CHAPTER II.
A DINNER AT THE GRANGE—A PAIR OF OWLS.

As we passed up the gravel walk of the Grange a face was trying its prettiest to look scoldingly out of the window, but could not succeed. When the eyes lighted upon my companion, face and eyes together disappeared. It was a face that I had seen grow under my eyes, but it had never occurred to me hitherto that it had grown so beautiful. Could that tall young lady, who did the duties of mistress of the Grange so demurely, be the little fairy whom only yesterday I used to toss upon my shoulder and carry out into the barnyard to see the fowls, one hand twined around my neck, and the other waving her magic wand with the action of a little queen—the same magic wand that I had spent a whole hour and a half—a boy’s long hour and a half—in peeling and notching with my broken penknife, engraving thereon the cabalistic characters “F. N.,” which, as all the world was supposed to know, signified “Fairy Nell”? And that was “Fairy” who had just disappeared from the honeysuckles. Faith! a far more dangerous fairy than when I was her war-horse and she my imperious queen.

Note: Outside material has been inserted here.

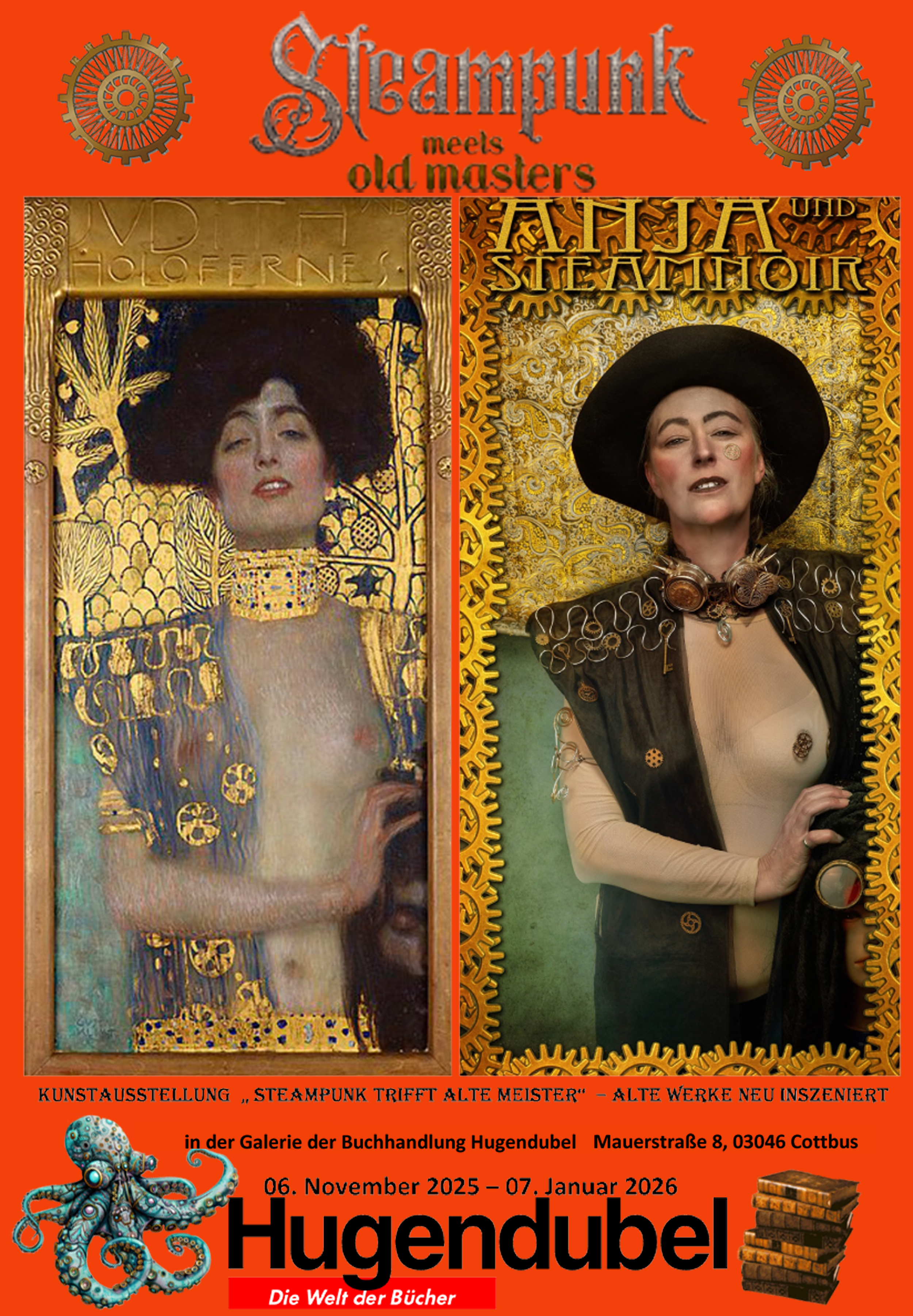 Der Verein Ravenchild aus Cottbus präsentiert unter dem Motto "Streampunk meet Old Masters" vom 06.11.2025 bis 07.01.2026 eine außergewöhnliche Ausstellung in unserer Hugendubel Buchhandlung.

I introduced my companion as an old school-fellow of mine to my father and sister. So fine-looking a young man could not fail to impress my father favorably, who, notwithstanding his seclusion, had a keen eye for persons and appearances. How so fine-looking a young man impressed my sister I cannot say, for it is not given to me to read ladies’ hearts. The dinner was passing pleasantly enough, when one of those odd revulsions of feeling that come to one at times in the most inopportune situations came over me. I am peculiarly subject to fits of this nature, and only time and years have enabled me to overcome them to any extent. By the grave of a friend who was dear to me, and in presence of his weeping relatives, some odd recollection has risen up as it were out of the freshly-dug grave, and grinned at me over the corpse’s head, till I hardly knew whether the tears in my eyes were brought there by laughter or by grief. Just on the attainment of some success, for which I had striven for months or years, may be, and to which I had devoted every energy that was in me, while the flush of it was fresh on my cheek and in my heart, and the congratulations of friends pouring in on me, has come a drear feeling like a winter wind across my summer garden to blast the roses and wither the dew-laden buds just opening to the light. Why this is so I cannot explain; that it is so I know. It is a mockery of human nature, and falls on the harmony of the soul like that terrible “ha! ha!” of the fiend who stands by all the while when poor Faust and innocent Marguerite are opening their hearts to each other.

“And so, Mr. Goodal, you are an old friend of Roger’s? He has told me about most of his friends. It is strange he never mentioned your name before.”

“It is strange,” I broke in hurriedly. “Kenneth is the oldest of all, too. I found him first in the thirteenth century. He bears his years well, does he not, Fairy?”

My father and Nellie both looked perplexed. Kenneth laughed.

“What in the world are you talking about, Roger?” asked my father in amazement.

“Where do you think I found him? Burrowing at the tomb of the Herberts, as though he were anxious to get inside and pass an evening with them.”

“And judging the past by the present, a very agreeable evening I should have spent,” said Kenneth gayly.

“Well, sir, I will not deny that you would have found excellent company,” responded my father, pleased at the compliment. “The Herberts. ..” he began.